The man sitting next to Jesus is Lazarus. Not many days ago he lay dead in a tomb. Lazarus come forth! Now he is relaxing next to Jesus having escaped the prison of a tomb.

 

Mary, Lazarus' sister, who wept over his death and found herself fully disappointed that Jesus did not come to heal him approaches Jesus, deeply affected by gratitude, veneration, and love. She feels impelled to display to Him her inmost soul once more, and to manifest her reverential and devout attachment to Him. She breaks the seal of an extremely costly alabaster bottle of perfume and anoints His head and feet. The whole house is filled with the fragrance of the ointment. We may imagine that all of heaven was filled with it and inhaled with delight by the holy angels. Mary wipes His feet with her hair. She wishes to cling to Him as ivy to a tree.

 

While angels rejoice, Judas complains that the ointment could have been sold and the money given to the poor.

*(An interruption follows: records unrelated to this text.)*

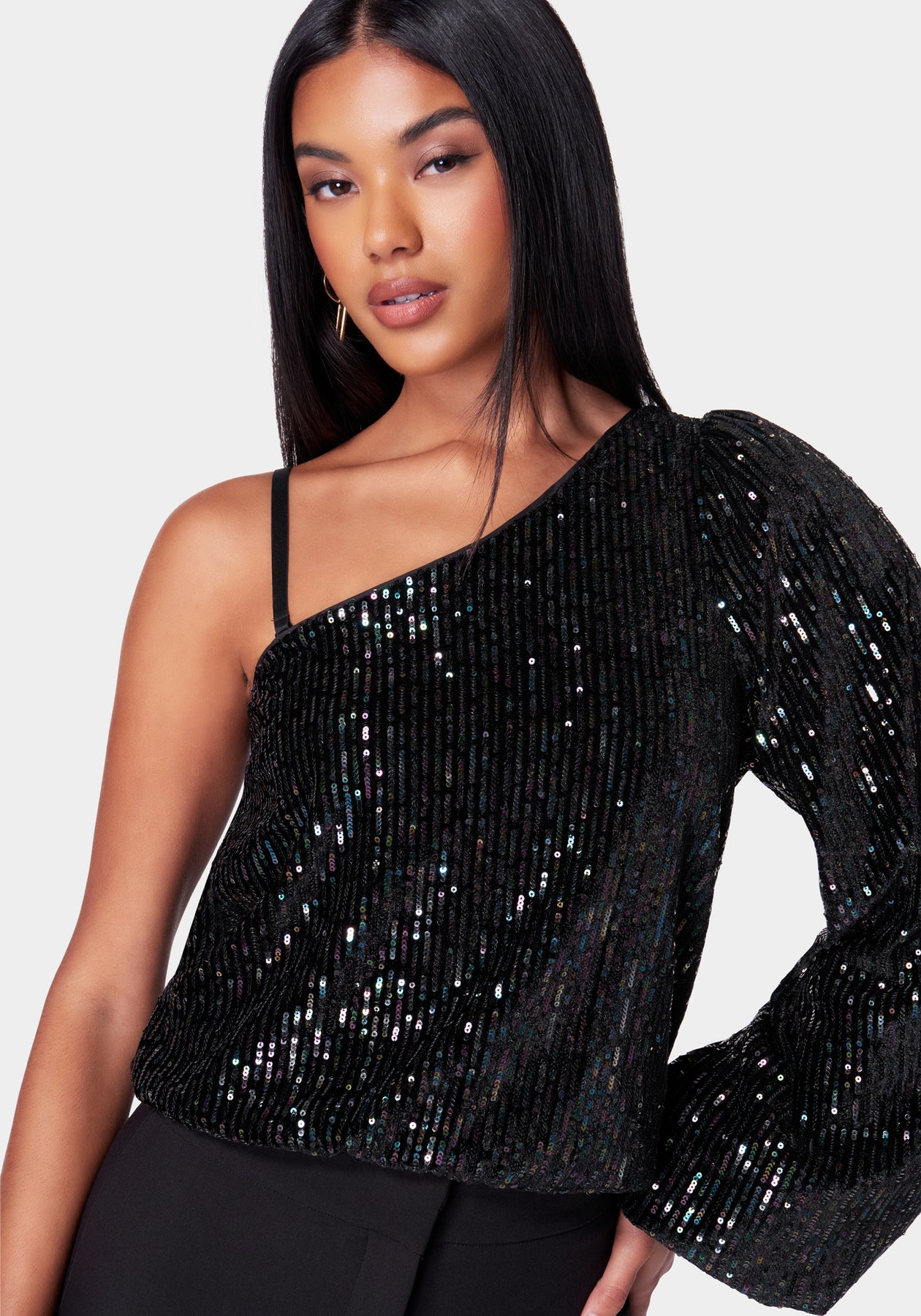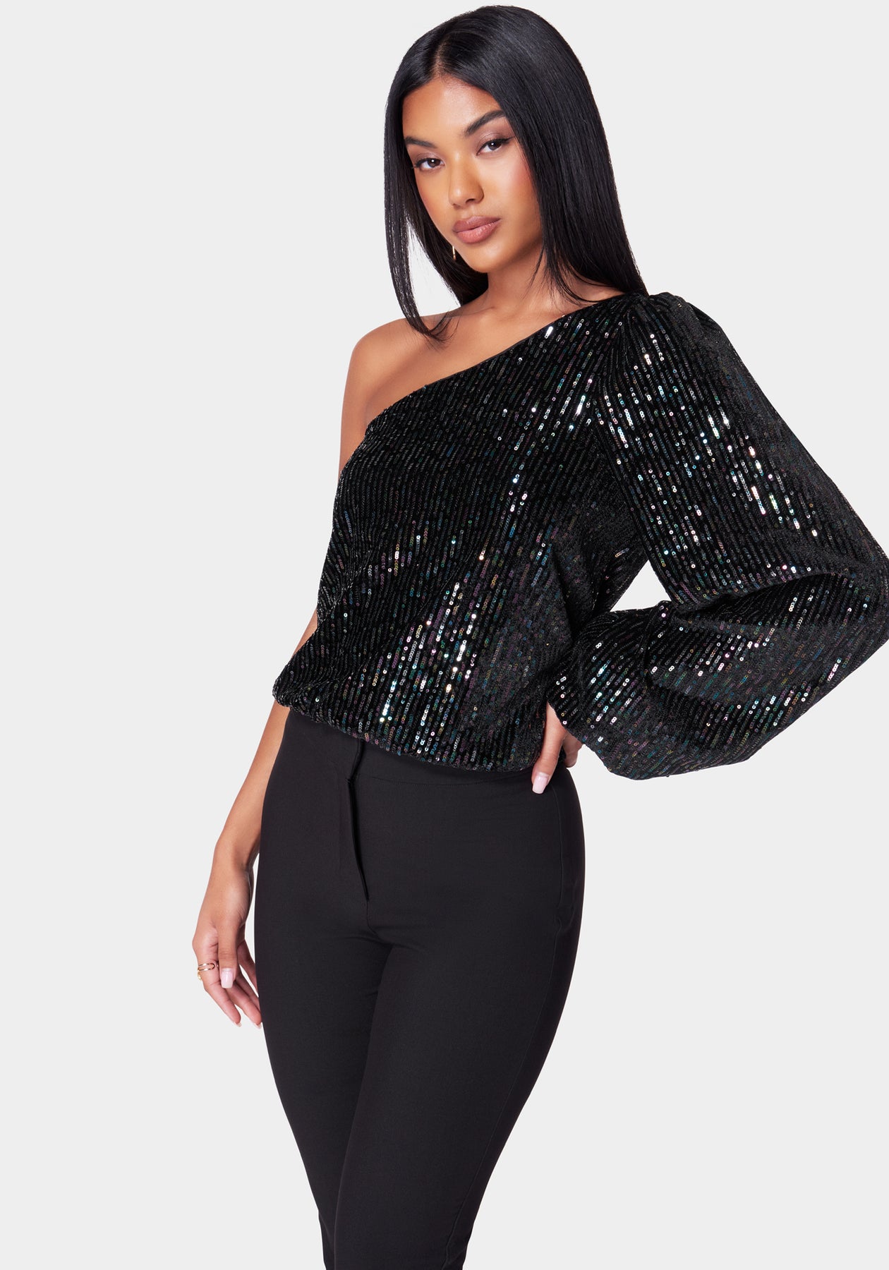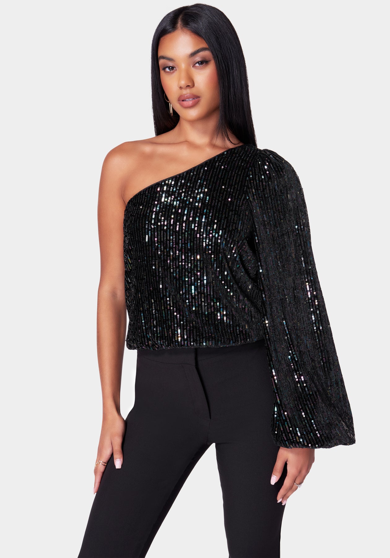 Make a statement with this one-shoulder blouse boasting multi-color balloon sleeves. Combining an eclectic design with comfort, it's perfect for adding a pop of color to your outfit. Pair with simple bottoms to let the blouse shine.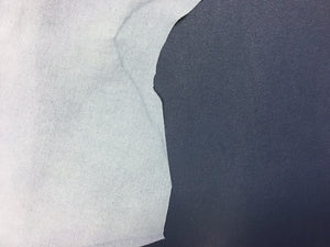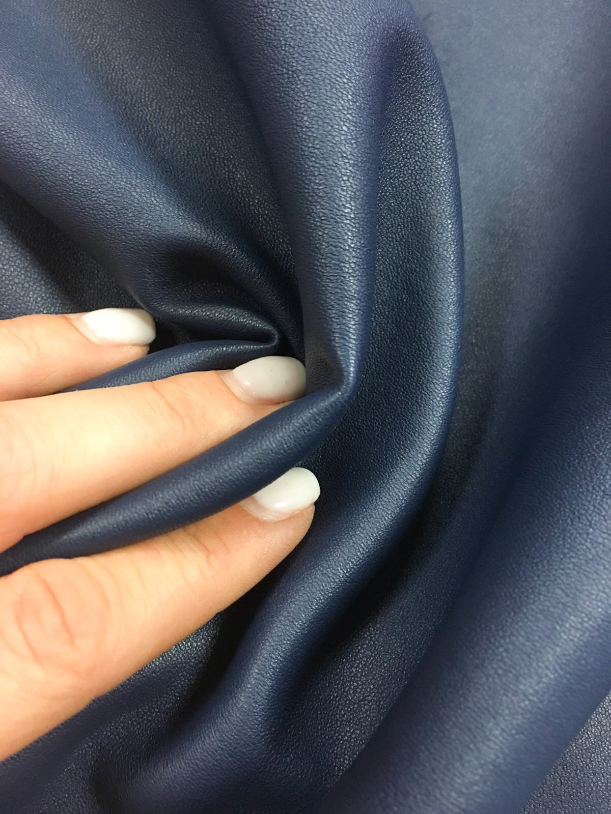 -Denim Blue elastic leather sheets, leather material good for sewing, thin enough to sew it with Your home sewing machine. Leteather pieces that have a cotton layer on one side, it makes it more elastic and make it to "come back" and not to stretch so fast, for ecample in the knees or elbows. Blue sheep skin material would look perfect as denim leather leggings or deep blue pencil skirt. It is meant to be as something body shape immitating You totally will be super satissfied with this leather. We guarantee.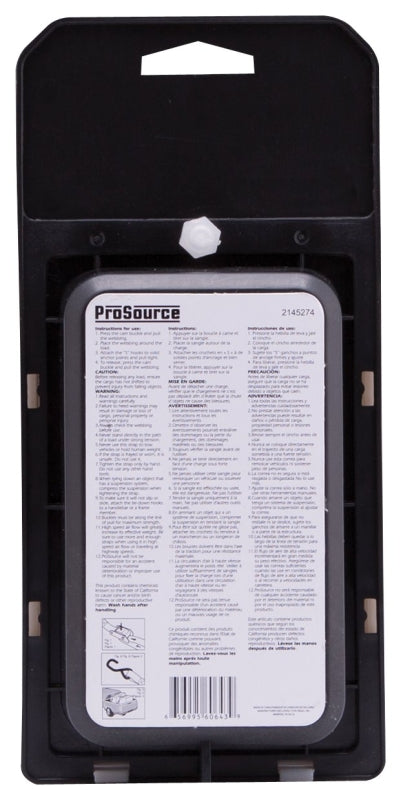 ProSource RT45481 Tie-Down, 1 in W, 10 ft L, Polyester Webbing, Metal Buckle, Black, 400 lb, S-Hook End Fitting

What Jesus was about to do for the poor was infinitely more valuable, yet Judas cares nothing for that. He has been stealing from the money bag, thinking he was preparing to strengthen his position in Jesus' earthly kingdom.

 

Mary shows so much devotion and love and reverence. Judas shows nothing but contempt. Jesus commands that Mary be left alone and that what she did was divinely good. "The poor you have with you always, but you don't always have Me."

 

Where in all the world can we meet with a contrast so striking, so appalling, and beyond measure dreadful, as is here presented to us in Mary's tender and affectionate act, and the horrible procedure of this unhappy son of perdition?

 

As we approach the cross in this ritual given to us, who do we most identify with? As we learn the word of God month to month and we return to this table, we more approach the affections of Mary and draw closer to the One who delivered us. We see more how horrible is the old Adamic nature, which Judas fully displayed in all its terrible darkness on that night.

 

1 Cor 11:23-26

 For I received from the Lord that which I also delivered to you, that the Lord Jesus in the night in which He was betrayed took bread; 24 and when He had given thanks, He broke it, and said, "This is My body, which is for you; do this in remembrance of Me."  25 In the same way He took the cup also, after supper, saying, "This cup is the new covenant in My blood; do this, as often as you drink it, in remembrance of Me."  26 For as often as you eat this bread and drink the cup, you proclaim the Lord's death until He comes.